PROMPT:
Leaving every picture out, please return exactly the lines from the top of the material below through the line with "最後,公司各科室、井隊、家屬", both included.

INFORMATION SHOWN:
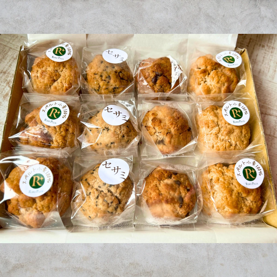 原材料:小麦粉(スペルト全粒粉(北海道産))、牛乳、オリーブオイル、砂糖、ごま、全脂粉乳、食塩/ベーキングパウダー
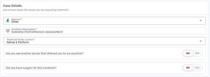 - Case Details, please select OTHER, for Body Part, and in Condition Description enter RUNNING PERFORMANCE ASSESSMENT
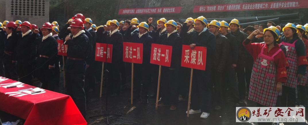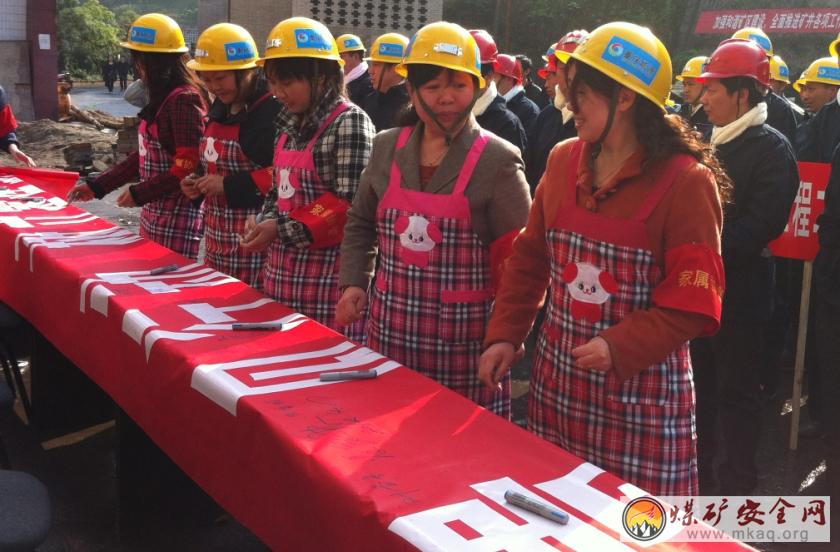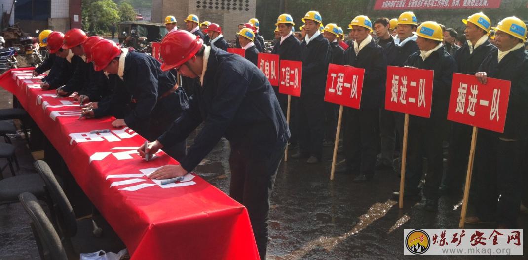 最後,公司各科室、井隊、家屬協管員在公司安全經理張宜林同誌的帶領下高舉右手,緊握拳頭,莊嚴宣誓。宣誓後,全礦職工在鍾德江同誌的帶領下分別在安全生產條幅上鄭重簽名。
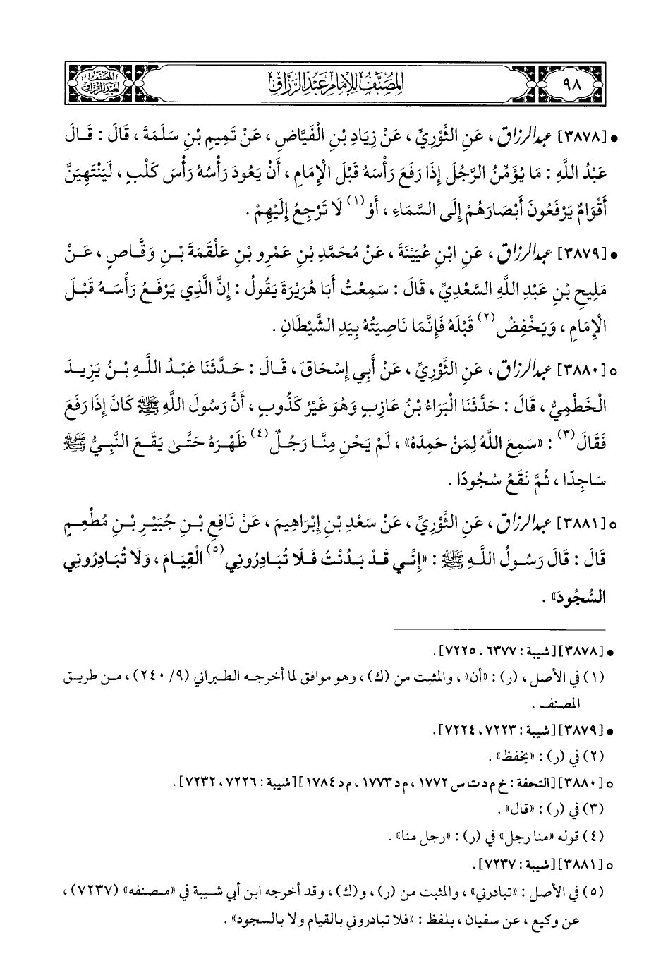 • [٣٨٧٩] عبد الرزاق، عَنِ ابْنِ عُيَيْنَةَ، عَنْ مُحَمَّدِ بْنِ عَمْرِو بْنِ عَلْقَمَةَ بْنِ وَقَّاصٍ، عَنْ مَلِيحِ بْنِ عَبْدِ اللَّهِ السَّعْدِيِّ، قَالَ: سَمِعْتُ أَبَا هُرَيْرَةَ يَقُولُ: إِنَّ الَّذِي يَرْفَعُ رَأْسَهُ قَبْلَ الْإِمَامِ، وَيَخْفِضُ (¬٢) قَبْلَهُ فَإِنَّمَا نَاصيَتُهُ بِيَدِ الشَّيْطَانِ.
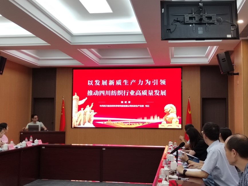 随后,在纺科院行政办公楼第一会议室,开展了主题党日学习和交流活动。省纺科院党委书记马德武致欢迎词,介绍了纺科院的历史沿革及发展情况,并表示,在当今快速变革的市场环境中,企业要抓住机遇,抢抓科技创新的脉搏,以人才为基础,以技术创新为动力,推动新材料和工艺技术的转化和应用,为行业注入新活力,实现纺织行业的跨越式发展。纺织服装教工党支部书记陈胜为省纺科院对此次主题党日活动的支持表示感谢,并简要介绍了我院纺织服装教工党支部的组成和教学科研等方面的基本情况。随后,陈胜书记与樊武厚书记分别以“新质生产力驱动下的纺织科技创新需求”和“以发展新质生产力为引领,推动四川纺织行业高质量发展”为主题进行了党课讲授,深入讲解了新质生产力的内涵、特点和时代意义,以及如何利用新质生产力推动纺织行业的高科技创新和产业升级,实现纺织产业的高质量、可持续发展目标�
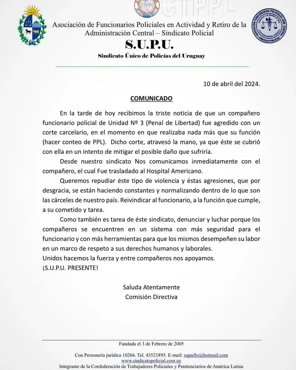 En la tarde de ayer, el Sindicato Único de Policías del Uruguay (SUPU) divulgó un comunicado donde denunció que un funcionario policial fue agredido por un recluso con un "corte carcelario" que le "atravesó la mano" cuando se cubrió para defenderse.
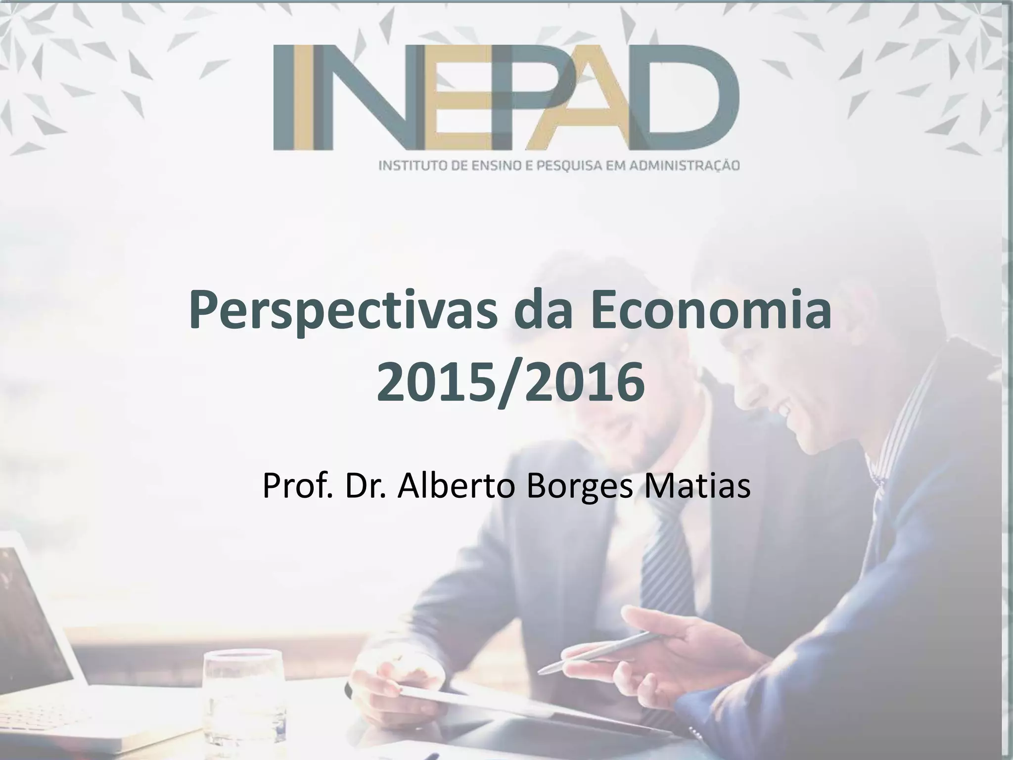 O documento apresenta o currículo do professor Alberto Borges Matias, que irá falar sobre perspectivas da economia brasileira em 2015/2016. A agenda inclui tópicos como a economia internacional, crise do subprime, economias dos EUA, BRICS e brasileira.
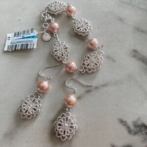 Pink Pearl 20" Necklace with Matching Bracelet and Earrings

FINISHED TASK:
 原材料:小麦粉(スペルト全粒粉(北海道産))、牛乳、オリーブオイル、砂糖、ごま、全脂粉乳、食塩/ベーキングパウダー
 - Case Details, please select OTHER, for Body Part, and in Condition Description enter RUNNING PERFORMANCE ASSESSMENT
 最後,公司各科室、井隊、家屬協管員在公司安全經理張宜林同誌的帶領下高舉右手,緊握拳頭,莊嚴宣誓。宣誓後,全礦職工在鍾德江同誌的帶領下分別在安全生產條幅上鄭重簽名。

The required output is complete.